1.2. §179a des Strafvollzugsgesetzes (StVG) hat samt Überschrift folgenden Wortlaut:

"Ärztliche Nachbetreuung

§179a. (1) Einem Rechtsbrecher, der bedingt entlassen wird, kann die Weisung, sich weiterhin einer Entwöhnungsbehandlung, einer psychotherapeutischen oder sonst einer medizinischen Behandlung zu unterziehen (§51 Abs3 des Strafgesetzbuches), auch mit der Maßgabe erteilt werden, daß die Behandlung für den Verurteilten unentgeltlich durch einen Arzt durchgeführt wird, der sich zur Durchführung solcher Behandlungen dem Bundesministerium für Justiz gegenüber verpflichtet hat. Die Durchführung einer solchen Betreuung schließt erforderlichenfalls unbeschadet des §2 des Ärztegesetzes 1984, BGBl. Nr. 373, ihre Unterstützung durch andere hiefür geeignete Personen ein, die sich hiezu in gleicher Weise verpflichtet haben.

(2) Ist einem bedingt Entlassenen sonst die Weisung erteilt worden, sich einer Entwöhnungsbehandlung, einer psychotherapeutischen oder einer anderen medizinischen Behandlung zu unterziehen, hat der Verurteilte nicht Anspruch auf entsprechende Leistungen aus einer Krankenversicherung und würde durch die Verpflichtung zur Zahlung der Behandlungskosten sein Fortkommen erschwert, so hat die Kosten der Behandlung ganz oder teilweise der Bund zu übernehmen, jedoch nur bis zu dem Ausmaß, in dem die Versicherungsanstalt öffentlich Bediensteter für die Kosten aufkommen könnte, wenn der Entlassene in der Krankenversicherung öffentlich Bediensteter versichert wäre; einen Behandlungsbeitrag (§63 Abs4 des Beamten-Kranken- und Unfallversicherungsgesetzes, BGBl. Nr. 200/1967) hat der Entlassene nicht zu erbringen. Die Entscheidung über die Übernahme der Kosten steht dem für die Erteilung der Weisung zuständigen Gericht zu.

(3) Der Bundesminister für Justiz kann mit gemeinnützigen therapeutischen Einrichtungen oder Vereinigungen über die Höhe der nach Abs2 vom Bund zu übernehmenden Kosten Verträge nach bürgerlichem Recht abschließen. Die Vereinbarung von verbindlichen Pauschalbeträgen ist zulässig. Der Bundesminister für Justiz kann die Grundsätze der Pauschalierung mit Verordnung festlegen. Dabei ist insbesondere das Betreuungsangebot der gemeinnützigen therapeutischen Einrichtung oder Vereinigung zu berücksichtigen."

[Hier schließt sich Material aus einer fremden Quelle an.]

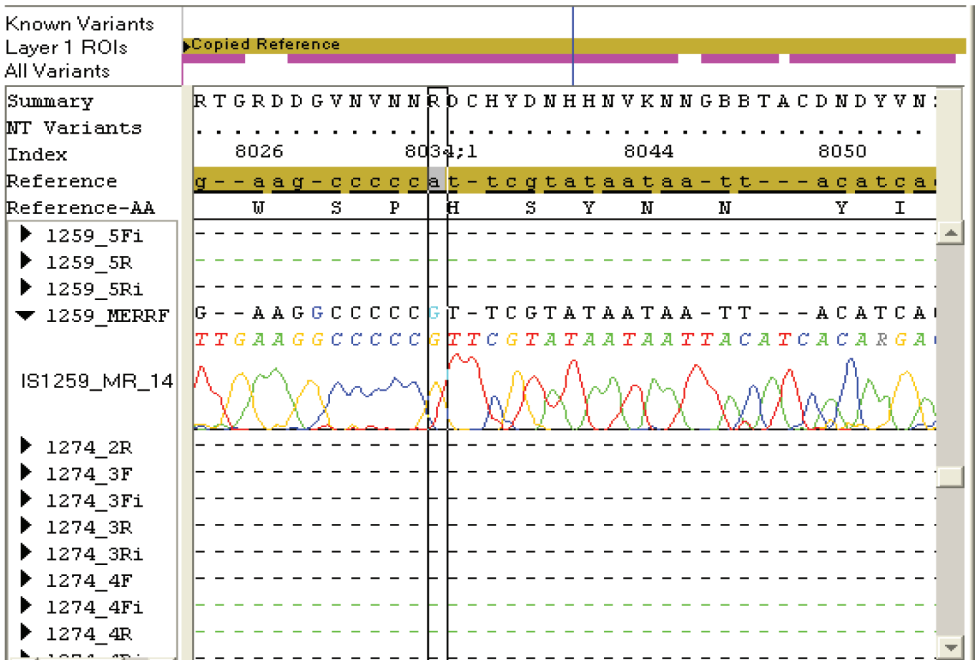
Figure 2. Sequencing-based identification of the complex IV mutation: m.8033A>G, p.(Ile150Val).

The autism spectrum disorders are clinically and etiologically heterogeneous developmental disorders of the brain. Many causes of autism have been proposed, but understanding of the etiology of ASDs is incomplete. The brain is strongly dependent on the ATP production of the mitochondrion, and the high energy demands of the brain and nervous system make them particularly vulnerable to impaired energy production. Recent epidemiological studies indicate that the incidence of mitochondrial disorders in children with autism could be 550 to 770 times higher than that of the general population [15]. All these facts have led several researchers to explore mitochondrial respiratory chain disorders as potential risk factors in ASDs. Multiple studies have confirmed the role of mitochondrial dysfunctions in ASDs [4-6,15,16]. For most individuals with defects of oxidative phosphorylation, the diagnosis is made through the determination of the activities

1.3. Gemäß §3 des Gesetzes über die Rehabilitation Behinderter (Tiroler Rehabilitationsgesetz) sind Rehabilitationsmaßnahmen (dazu gehört auch die im vorliegenden Fall in Rede stehende Beschäftigungstherapie) - neben weiteren, hier nicht relevanten Voraussetzungen - nur zu gewähren, wenn der Behinderte "keine Möglichkeit hat, nach anderen Rechtsvorschriften gleichartige oder ähnliche Leistungen zu erhalten" (§3 Abs1 lite).

2. Eine Verletzung des verfassungsgesetzlich gewährleisteten Rechtes auf Gleichheit aller Staatsbürger vor dem Gesetz kann nach der ständigen Rechtsprechung des Verfassungsgerichtshofes (zB VfSlg. 10.413/1985, 14.842/1997, 15.326/1998 und 16.488/2002) nur vorliegen, wenn der angefochtene Bescheid auf einer dem Gleichheitsgebot widersprechenden Rechtsgrundlage beruht, wenn die Behörde der angewendeten Rechtsvorschrift irrig einen gleichheitswidrigen Inhalt unterstellt oder wenn sie bei Erlassung des Bescheides Willkür geübt hat.

Ein willkürliches Verhalten der Behörde, das in die Verfassungssphäre eingreift, liegt unter anderem in einer gehäuften Verkennung der Rechtslage, aber auch im Unterlassen jeglicher Ermittlungstätigkeit in einem entscheidenden Punkt oder dem Unterlassen eines ordnungsgemäßen Ermittlungsverfahrens überhaupt, insbesondere in Verbindung mit einem Ignorieren des Parteivorbringens und einem leichtfertigen Abgehen vom Inhalt der Akten oder dem Außer-Acht-Lassen des konkreten Sachverhaltes (zB VfSlg. 8808/1980 mwN, 14.848/1997, 15.241/1998 mwN, 16.287/2001 16.640/2002).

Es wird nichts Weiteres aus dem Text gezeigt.